Nevertheless, the good news gives control patients the option of ending dexamethasone treatment in favor of Velcade (bortezomib), said Schenkein, adding, "This is a very important milestone for us."
Velcade, currently indicated for multiple myeloma, was cleared for marketing in May under the FDA's accelerated approval guidelines, which required the confirmatory, randomized Phase III study. (See BioWorld Today, May 15, 2003.)
Velcade, a first-in-class proteasome inhibitor, was approved based on a 228-patient Phase II study known as the Summit trial. Data showed that Velcade increased median survival time in relapsed and refractory multiple myeloma patients to 16.4 months. Patients usually pass away six to nine months after they are diagnosed (See BioWorld Today, Dec. 6, 2002, and Jan. 23, 2003.)
Meanwhile, the confirmatory Phase III trial, referred to as the APEX trial, included patients with relapsed or refractory multiple myeloma whose disease progressed after receiving one to three previous therapies. Schenkein pointed out that the Phase III study actually included a broader population of patients who were at an earlier stage in their disease, compared to the SUMMIT patients.

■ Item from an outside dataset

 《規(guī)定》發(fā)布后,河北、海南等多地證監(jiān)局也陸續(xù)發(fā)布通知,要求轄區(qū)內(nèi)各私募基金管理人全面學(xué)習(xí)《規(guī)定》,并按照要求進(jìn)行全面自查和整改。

APEX evaluated 670 patients at 95 sites in the U.S., Canada, Europe and Israel. The secondary endpoints, which supported the primary endpoint, included the chance of developing a serious infection, the chance of developing a new bone fracture and overall survival.

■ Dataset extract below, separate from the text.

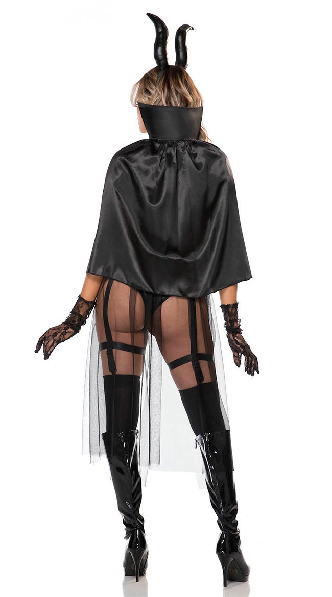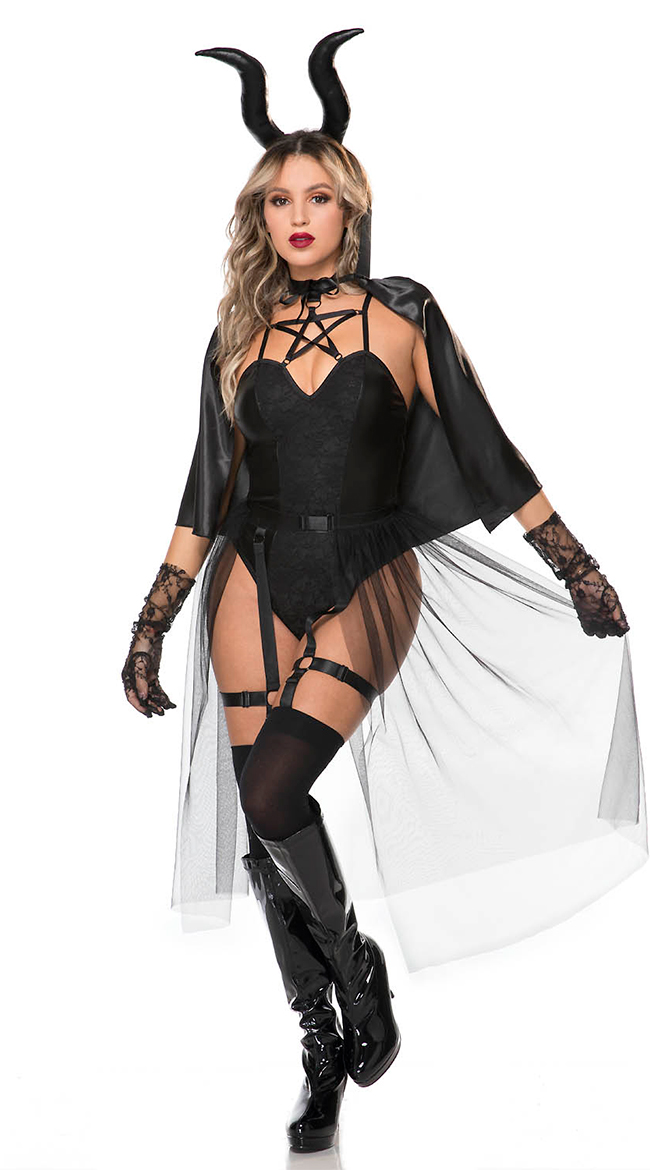 • Black teddy bodysuit with pentagram and contrast lace detail

Millennium and partner Ortho Biotech Products LP, a unit of Johnson & Johnson, of New Brunswick, N.J., are studying Velcade in many other solid tumors, Schenkein said. While the company recently presented data on a non-Hodgkin's lymphoma trial at the American Society of Hematology meeting, Schenkein said it's too early to comment on which indication they will pursue.

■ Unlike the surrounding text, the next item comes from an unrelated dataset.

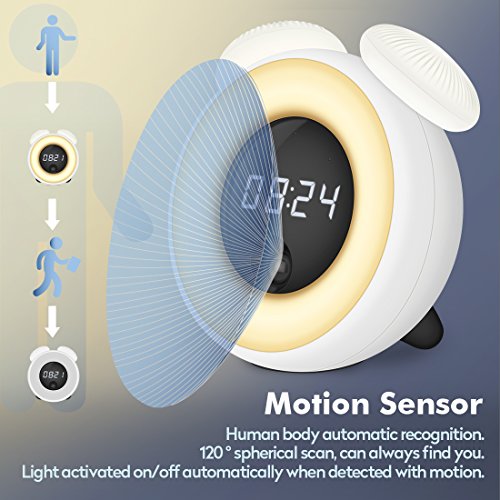 • Kid's Alarm Clock, Smart Night Light Digital Desk Clocks Wake Up Clock with Timer, Adjustable LED Brightness Motion Sensor Modern Travel Alarm Clock for Heavy Sleepers

The companies joined forces in June to market Velcade in a deal valued at close to $500 million for Millennium. Millennium received a $15 million up-front fee and will handle U.S. sales while Ortho Biotech, of Raritan, N.J., will work outside the U.S. The companies have filed for regulatory approval in Europe and expect action in mid-2004. (See BioWorld Today, July 2, 2003.)
For the third quarter ended Sept. 30, Velcade generated about $23 million in U.S. sales, and for the year (the product was launched in early June), sales have reached $30.9 million.
Millennium's stock (NASDAQ:MLNM) rose 56 cents Monday to close at $16.97.